Last week, the federal Department of Justice's quest for the medical records of several hundred abortion patients officially ended when government lawyers withdrew a subpoena in New York, one of several the DOJ had issued to build its defense of the abortion ban.

 

After President George W. Bush signed the law last November -- surrounded by grinning, middle-aged congressmen -- it was almost immediately challenged by a number of health-care providers and pro-choice groups in three separate federal courts, in Lincoln, Neb.; San Francisco; and New York.

 

The local Planned Parenthood of Western Pennsylvania was drawn into the case in February, when it was on of several Planned Parenthood chapters nationwide to receive DOJ subpoenas asking for the records of any patient who had had an abortion at 17 weeks' gestation or later, says PPWP President Kim Evert. DOJ lawyers had argued that they needed the records to prove this procedure was never medically necessary.
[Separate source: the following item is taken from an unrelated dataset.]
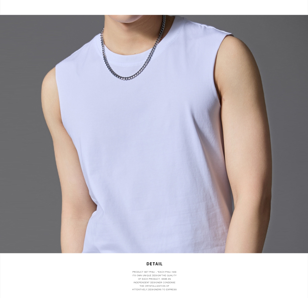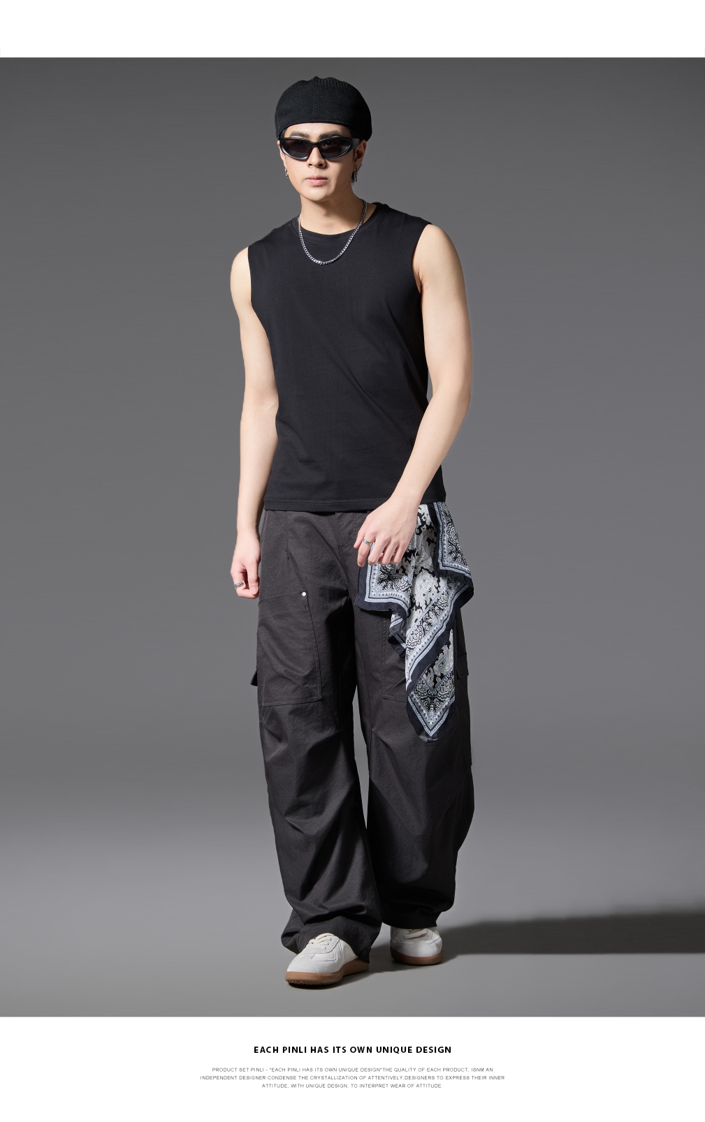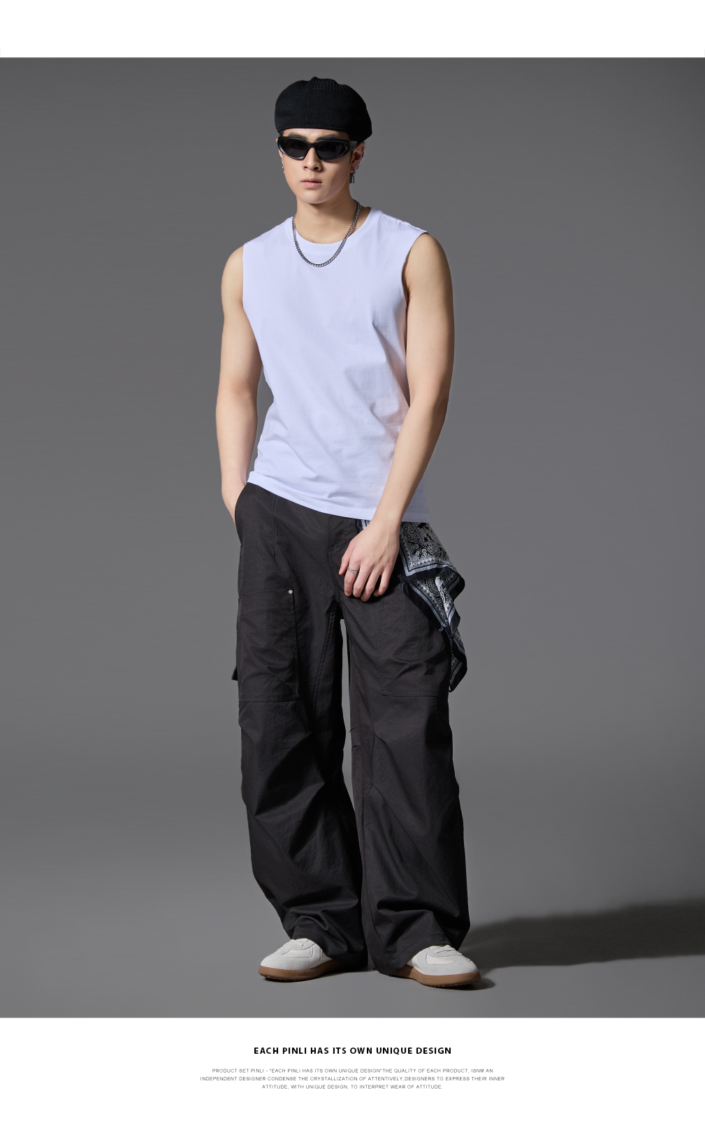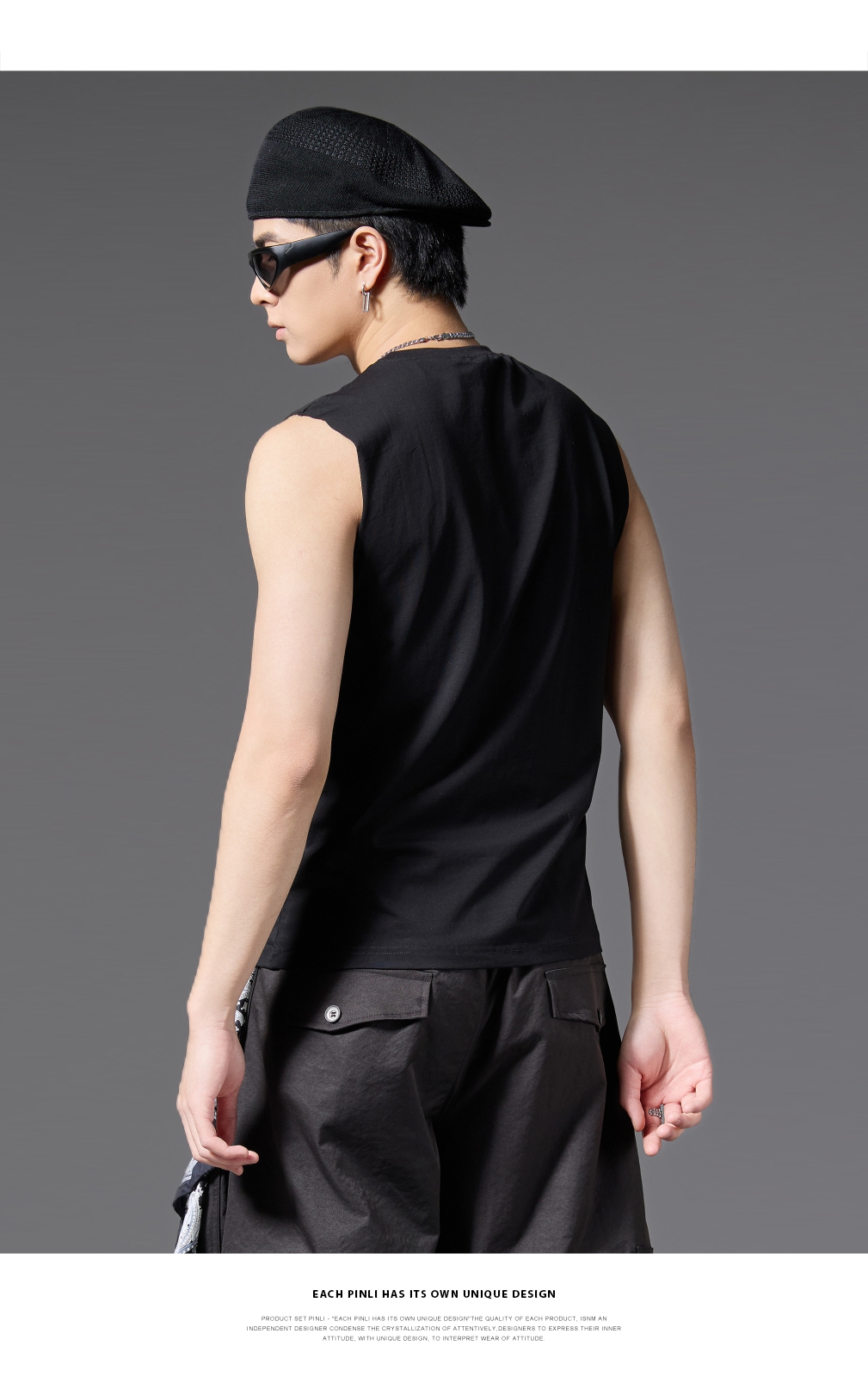 PINLI品立2025春季新款纯色打底无袖圆领T恤男士潮牌休闲背心上衣B252111001

Though the feds promised to examine the records without patients' names, Evert says, PPWP planned to resist the subpoena.

 

Ironically, says Evert, PPWP doesn't perform the specific procedure that the federal act purports to ban -- a later-term procedure called dilation and extraction. Nor do they perform any other abortions after 18 weeks -- so very few of their patients' records would have fallen within the subpoena's reach. Evert suspects PPWP was targeted because a Magee-Womens Hospital physician and researcher, Mitch Creinin, testified as an expert witness in the San Francisco case. Plaintiffs have argued that the ban is unconstitutionally vague (and could then be interpreted to apply to other abortion methods) and that it doesn't provide exceptions for the mother's health, the same criticisms that the U.S. Supreme Court -- particularly Justice Sandra Day O'Connor -- had made of a similar Nebraska law in 2000.

 

"Women who have to have terminations very late in pregnancy ... are almost exclusively women who have terrible pregnancies," Evert says. "People like to think it's that promiscuous teen-ager out there who rather than use birth control will have abortion after abortion, [not] people who had planned, wanted pregnancies who couldn't continue [them]." According to the Boston Globe, just 0.17 percent of abortions annually used the procedure before the ban.

 

On March 29, subpoenas specifically targeted to several Planned Parenthood chapters, including Pittsburgh, were ruled against in the San Francisco case. However, until last week, the DOJ was still after records from at least one New York hospital. Arguments in the San Francisco case concluded April 16. "We're waiting for a ruling," Evert says.

 

Although the subpoena brought the local Planned Parenthood office 15 minutes of fame, Evert says she doesn't plan to put it on display: "It doesn't really look that good. They faxed it."